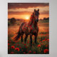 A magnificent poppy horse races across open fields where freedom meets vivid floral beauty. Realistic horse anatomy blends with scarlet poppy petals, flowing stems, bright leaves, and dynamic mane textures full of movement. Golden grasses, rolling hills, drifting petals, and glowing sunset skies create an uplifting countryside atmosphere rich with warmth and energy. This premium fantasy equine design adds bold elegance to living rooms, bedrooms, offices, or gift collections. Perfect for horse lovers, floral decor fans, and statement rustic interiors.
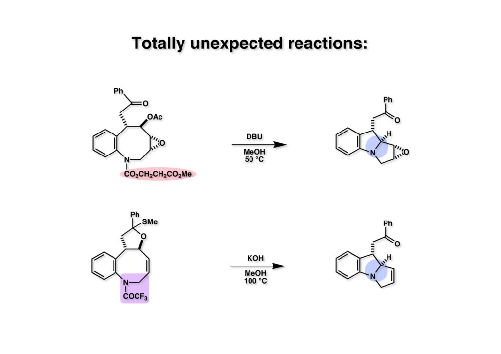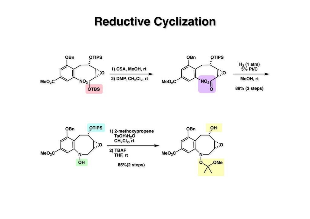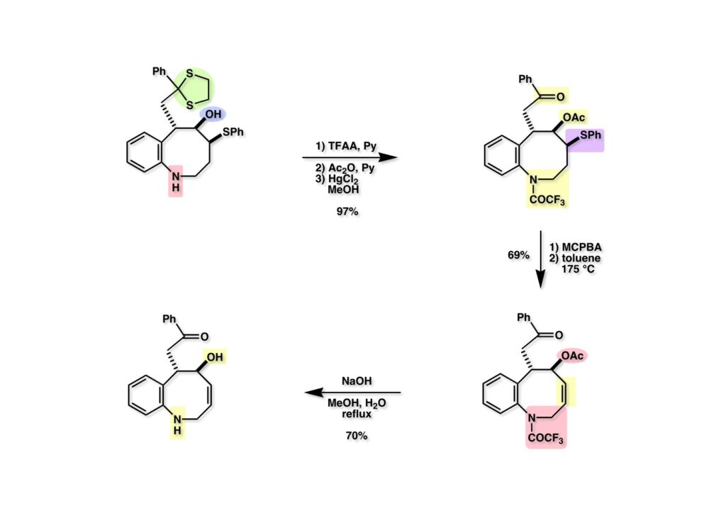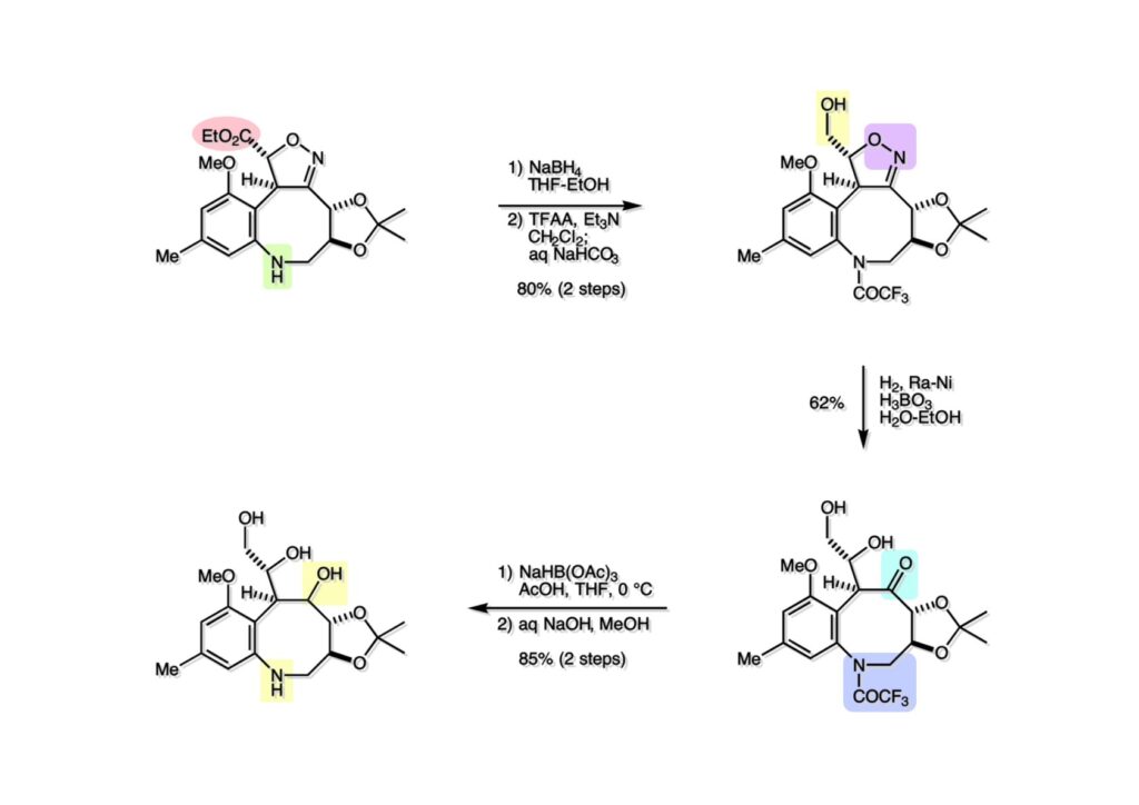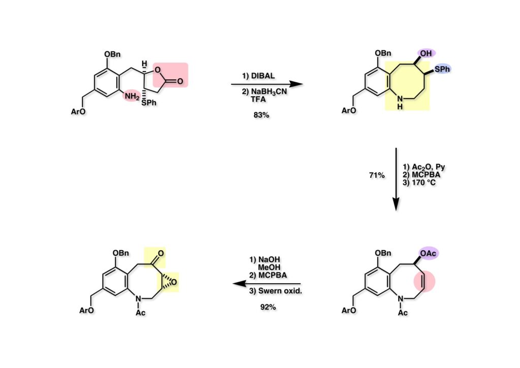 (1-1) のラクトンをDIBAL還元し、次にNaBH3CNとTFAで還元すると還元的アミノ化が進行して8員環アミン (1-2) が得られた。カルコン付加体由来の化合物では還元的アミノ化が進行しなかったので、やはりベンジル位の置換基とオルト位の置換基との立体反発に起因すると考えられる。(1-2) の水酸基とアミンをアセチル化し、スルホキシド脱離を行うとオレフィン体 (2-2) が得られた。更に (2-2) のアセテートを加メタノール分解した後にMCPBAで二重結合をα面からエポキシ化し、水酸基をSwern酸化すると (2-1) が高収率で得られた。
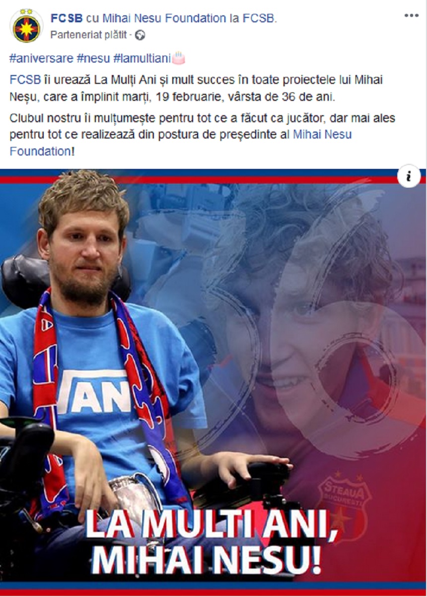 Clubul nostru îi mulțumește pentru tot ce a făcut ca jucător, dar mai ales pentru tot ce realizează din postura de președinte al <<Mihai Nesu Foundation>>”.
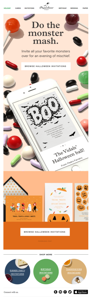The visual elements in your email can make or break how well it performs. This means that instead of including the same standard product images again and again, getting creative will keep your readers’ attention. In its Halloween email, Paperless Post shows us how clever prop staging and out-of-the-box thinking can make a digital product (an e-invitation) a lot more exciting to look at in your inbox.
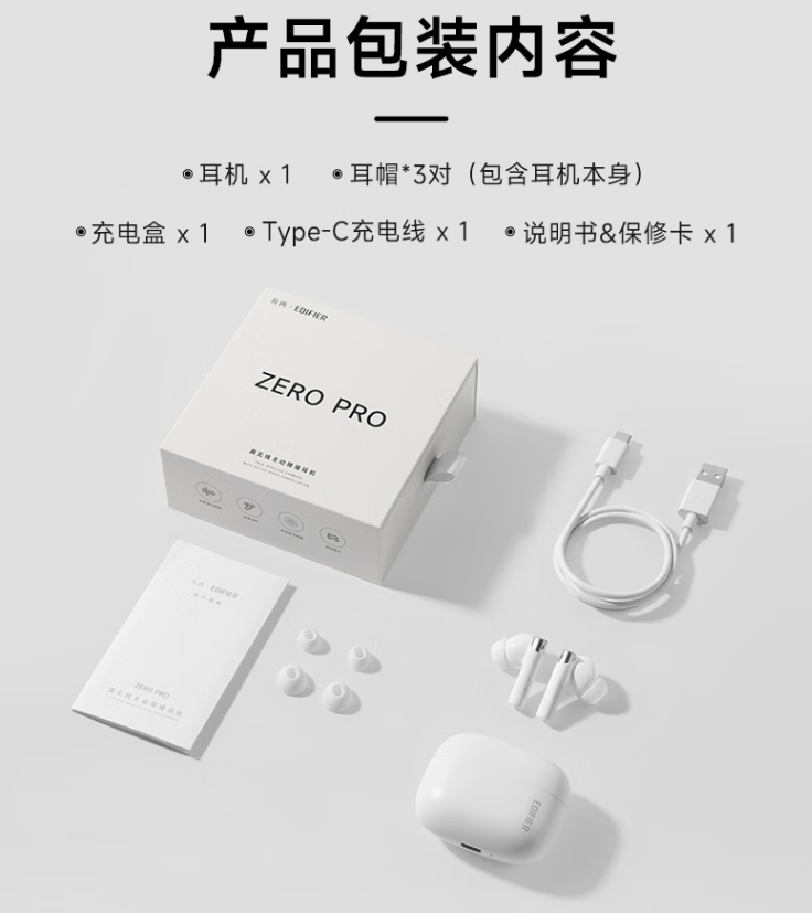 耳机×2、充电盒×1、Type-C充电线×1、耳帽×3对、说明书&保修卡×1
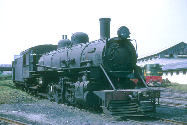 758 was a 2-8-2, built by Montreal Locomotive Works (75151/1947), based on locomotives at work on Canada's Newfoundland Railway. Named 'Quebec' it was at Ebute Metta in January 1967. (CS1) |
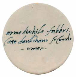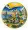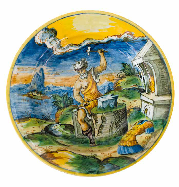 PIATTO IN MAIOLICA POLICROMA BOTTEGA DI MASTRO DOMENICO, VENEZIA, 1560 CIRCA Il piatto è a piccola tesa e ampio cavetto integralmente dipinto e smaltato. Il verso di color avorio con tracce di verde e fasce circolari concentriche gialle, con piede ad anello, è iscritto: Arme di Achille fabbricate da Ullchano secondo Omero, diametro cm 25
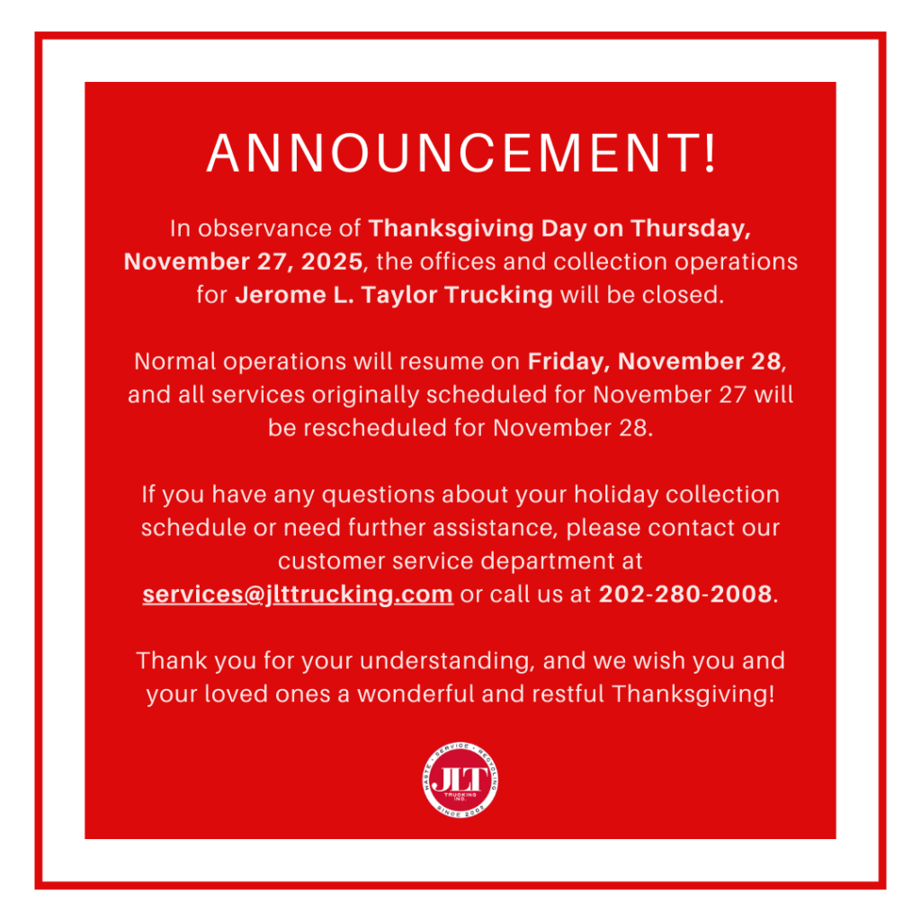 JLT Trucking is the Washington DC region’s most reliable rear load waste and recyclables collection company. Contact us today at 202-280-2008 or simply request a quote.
-------
* _Task to complete_
When you repeat the material, keep every word exact and drop the pictures.

* _Output for this exercise_
 A magnificent poppy horse races across open fields where freedom meets vivid floral beauty. Realistic horse anatomy blends with scarlet poppy petals, flowing stems, bright leaves, and dynamic mane textures full of movement. Golden grasses, rolling hills, drifting petals, and glowing sunset skies create an uplifting countryside atmosphere rich with warmth and energy. This premium fantasy equine design adds bold elegance to living rooms, bedrooms, offices, or gift collections. Perfect for horse lovers, floral decor fans, and statement rustic interiors.
 (1-1) のラクトンをDIBAL還元し、次にNaBH3CNとTFAで還元すると還元的アミノ化が進行して8員環アミン (1-2) が得られた。カルコン付加体由来の化合物では還元的アミノ化が進行しなかったので、やはりベンジル位の置換基とオルト位の置換基との立体反発に起因すると考えられる。(1-2) の水酸基とアミンをアセチル化し、スルホキシド脱離を行うとオレフィン体 (2-2) が得られた。更に (2-2) のアセテートを加メタノール分解した後にMCPBAで二重結合をα面からエポキシ化し、水酸基をSwern酸化すると (2-1) が高収率で得られた。
 Clubul nostru îi mulțumește pentru tot ce a făcut ca jucător, dar mai ales pentru tot ce realizează din postura de președinte al <<Mihai Nesu Foundation>>”.
The visual elements in your email can make or break how well it performs. This means that instead of including the same standard product images again and again, getting creative will keep your readers’ attention. In its Halloween email, Paperless Post shows us how clever prop staging and out-of-the-box thinking can make a digital product (an e-invitation) a lot more exciting to look at in your inbox.
 耳机×2、充电盒×1、Type-C充电线×1、耳帽×3对、说明书&保修卡×1
 758 was a 2-8-2, built by Montreal Locomotive Works (75151/1947), based on locomotives at work on Canada's Newfoundland Railway. Named 'Quebec' it was at Ebute Metta in January 1967. (CS1) |
 PIATTO IN MAIOLICA POLICROMA BOTTEGA DI MASTRO DOMENICO, VENEZIA, 1560 CIRCA Il piatto è a piccola tesa e ampio cavetto integralmente dipinto e smaltato. Il verso di color avorio con tracce di verde e fasce circolari concentriche gialle, con piede ad anello, è iscritto: Arme di Achille fabbricate da Ullchano secondo Omero, diametro cm 25
 JLT Trucking is the Washington DC region’s most reliable rear load waste and recyclables collection company. Contact us today at 202-280-2008 or simply request a quote.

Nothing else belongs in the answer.